For more information, please visit [GRID Enterprise Documentation](https://docs.scaledfoundations.ai/grid_enterprise/index.html).

In [9]:
# Import necessary modules
import os
import json
from typing import List
from grid.sdk.manager import GRIDSessionManager  # Adjust import path if needed

# Initialize GRIDSessionManager
manager = GRIDSessionManager()
# List nodes and store IPs in a list
nodes = manager.list_nodes()

Loading resource configuration from /home/grid/.grid/resource_config.json...
+-------------+---------------+
| Node Name   | IP Address    |
| local       | localhost     |
+-------------+---------------+
| node1       | 20.83.236.157 |
+-------------+---------------+


In [10]:
resource_config = manager.load_resource_config()
# Extract node information
nodes_info = []
for node_name, details in resource_config.get("resources", {}).items():
    node_info = {
        "node_name": node_name,
        "ip": details.get("ip"),
        "username": details.get("username", ""),  # Default to empty string if missing
        "password": details.get("password", "")   
    }
    nodes_info.append(node_info)


Loading resource configuration from /home/grid/.grid/resource_config.json...

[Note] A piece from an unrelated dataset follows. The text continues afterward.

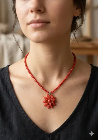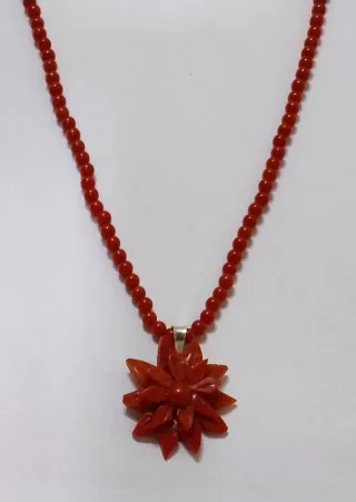 Bellissimo ciondolo a forma di fiore in corallo, con una lavorazione che ricorda lo stile vintage.Fiore in corallo sardo con collanina in corallo antica lavorazione di Torre del Greco scrupolosamente lavorato artigianalmente a mano risalente intorno al 1980 montato in argento 925 bianco - Materiale: Corallo argento 925 - Design: Fiore - Stile: Vintage

# Data Generation for Multiple Environments

In this example, we aim to generate data using the recording API and a simple script across multiple environments. To achieve parallelized runs, we’ll first create session configurations for each environment we want to process concurrently.

## Steps

1. **Define the Environments:** 
   We specify a list of environments (`env_list`) that we want to include in our data generation, such as `"abandoned_factory"`, `"electric_central"`, and `"neighborhood"`. This list can be modified to include other environments as required.

2. **Set Up the Base Configuration Template:** 
   A base JSON structure (`base_json`) defines essential simulation settings, including:
   - The `airgen` section, which configures environment-specific settings such as the `SimMode`, `VehicleType`, and `VehicleModel`.
   - The `grid` section, which specifies entities for the simulation, including a robot named `"airgen-drone"`.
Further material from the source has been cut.